My own experience in this world causes me to reject the opening of Andrew Sullivan’s endorsement of Obama, but I am foursquare behind much that follows, especially his closing:

I had almost given up hope, and he helped restore it. That is what is stirring out there; and although you are welcome to mock me for it, I remain unashamed. As someone once said, in the unlikely story of America, there is never anything false about hope. Obama, moreover, seems to bring out the best in people, and the calmest, and the sanest. He seems to me to have a blend of Midwestern good sense, an intuitive understanding of the developing world that is as much our future now as theirs’, an analyst’s mind and a poet’s tongue. He is human. He is flawed. He will make mistakes. His passivity and ambiguity are sometimes weaknesses as well as strengths.

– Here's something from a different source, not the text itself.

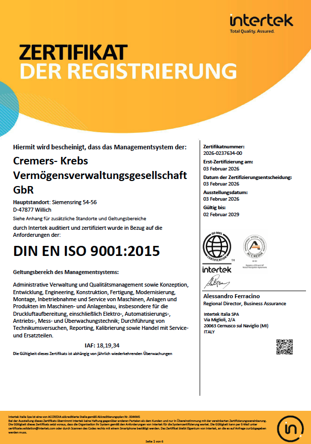 Zertifikat DIN EN ISO 9001 für die KICK Group

But there is something about his rise that is also supremely American, a reminder of why so many of us love this country so passionately and are filled with such grief at what has been done to it and in its name. I endorse Barack Obama because I will not give up on America, because I believe in America, and in her constitution and decency and character and strength.

I had hoped, at some point in these closing campaign days, to write up and explain my transition from Obama-skeptic and Hillary-voter in the primary to a full and genuine supporter of Barack Obama.  But here we are, and I need to get on the road so I can go put in some final hours for the Obama campaign.  Actions will have to substitute for words, at the moment.  I’m okay with that.